===== Data supplied =====

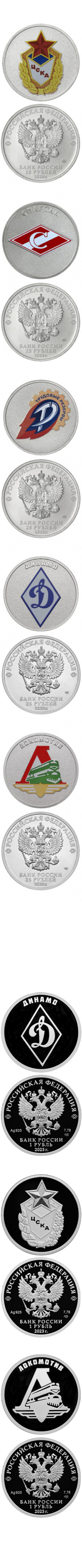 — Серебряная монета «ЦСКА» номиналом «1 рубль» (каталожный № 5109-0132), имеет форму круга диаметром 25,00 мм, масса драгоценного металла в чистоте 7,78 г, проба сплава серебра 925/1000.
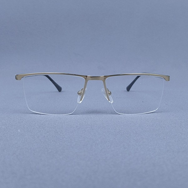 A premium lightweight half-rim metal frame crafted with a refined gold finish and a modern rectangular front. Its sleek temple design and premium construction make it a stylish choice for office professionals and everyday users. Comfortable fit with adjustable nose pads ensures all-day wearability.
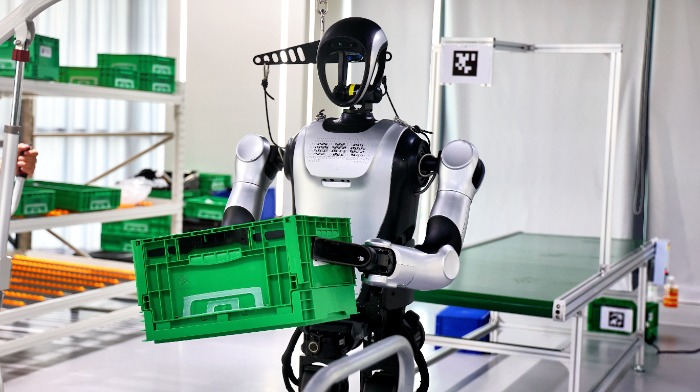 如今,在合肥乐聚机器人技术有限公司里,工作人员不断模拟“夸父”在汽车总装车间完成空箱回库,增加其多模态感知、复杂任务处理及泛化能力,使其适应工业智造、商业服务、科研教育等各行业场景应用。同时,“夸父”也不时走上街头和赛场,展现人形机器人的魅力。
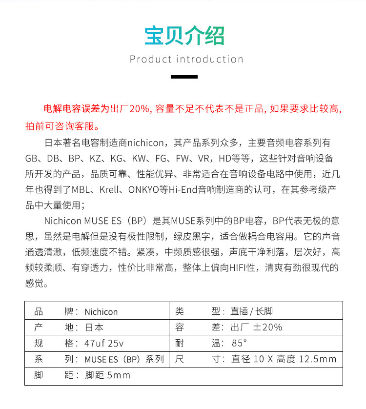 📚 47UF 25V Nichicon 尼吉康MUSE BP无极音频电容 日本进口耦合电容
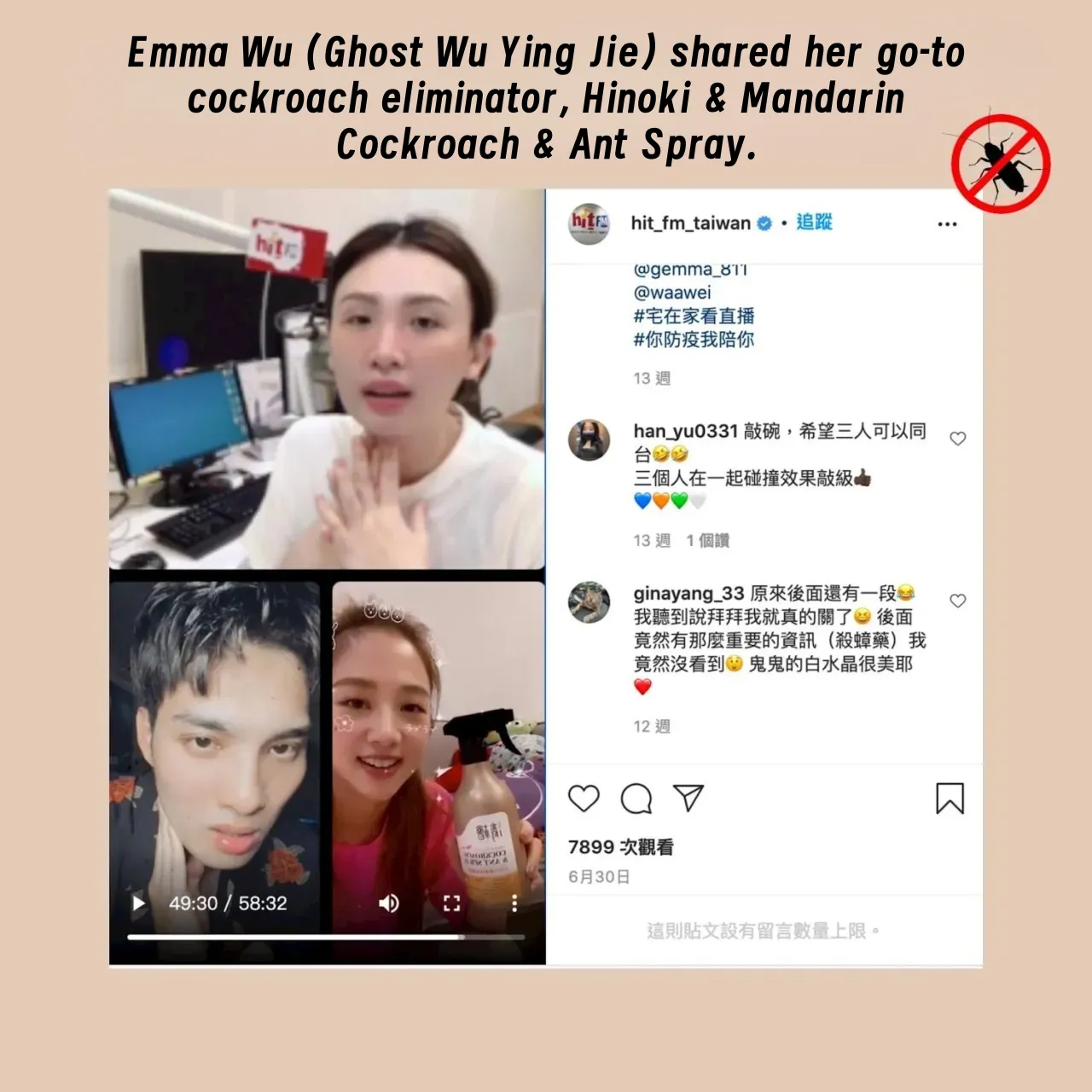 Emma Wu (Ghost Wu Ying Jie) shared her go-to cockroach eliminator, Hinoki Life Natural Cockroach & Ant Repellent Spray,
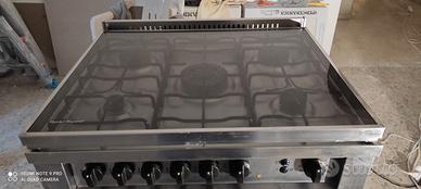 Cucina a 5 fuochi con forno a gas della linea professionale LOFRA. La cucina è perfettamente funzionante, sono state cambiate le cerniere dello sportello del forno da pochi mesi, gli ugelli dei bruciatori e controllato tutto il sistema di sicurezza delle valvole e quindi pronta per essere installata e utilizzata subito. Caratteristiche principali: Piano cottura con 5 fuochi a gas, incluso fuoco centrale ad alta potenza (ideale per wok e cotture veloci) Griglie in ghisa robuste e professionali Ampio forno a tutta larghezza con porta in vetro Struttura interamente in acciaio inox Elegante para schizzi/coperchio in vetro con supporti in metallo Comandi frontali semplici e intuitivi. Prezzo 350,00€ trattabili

=====

**What is needed**
Without the pictures, extract every entry verbatim.

**Answer box**
 — Серебряная монета «ЦСКА» номиналом «1 рубль» (каталожный № 5109-0132), имеет форму круга диаметром 25,00 мм, масса драгоценного металла в чистоте 7,78 г, проба сплава серебра 925/1000.
 A premium lightweight half-rim metal frame crafted with a refined gold finish and a modern rectangular front. Its sleek temple design and premium construction make it a stylish choice for office professionals and everyday users. Comfortable fit with adjustable nose pads ensures all-day wearability.
 如今,在合肥乐聚机器人技术有限公司里,工作人员不断模拟“夸父”在汽车总装车间完成空箱回库,增加其多模态感知、复杂任务处理及泛化能力,使其适应工业智造、商业服务、科研教育等各行业场景应用。同时,“夸父”也不时走上街头和赛场,展现人形机器人的魅力。
 📚 47UF 25V Nichicon 尼吉康MUSE BP无极音频电容 日本进口耦合电容
 Emma Wu (Ghost Wu Ying Jie) shared her go-to cockroach eliminator, Hinoki Life Natural Cockroach & Ant Repellent Spray,
 Cucina a 5 fuochi con forno a gas della linea professionale LOFRA. La cucina è perfettamente funzionante, sono state cambiate le cerniere dello sportello del forno da pochi mesi, gli ugelli dei bruciatori e controllato tutto il sistema di sicurezza delle valvole e quindi pronta per essere installata e utilizzata subito. Caratteristiche principali: Piano cottura con 5 fuochi a gas, incluso fuoco centrale ad alta potenza (ideale per wok e cotture veloci) Griglie in ghisa robuste e professionali Ampio forno a tutta larghezza con porta in vetro Struttura interamente in acciaio inox Elegante para schizzi/coperchio in vetro con supporti in metallo Comandi frontali semplici e intuitivi. Prezzo 350,00€ trattabili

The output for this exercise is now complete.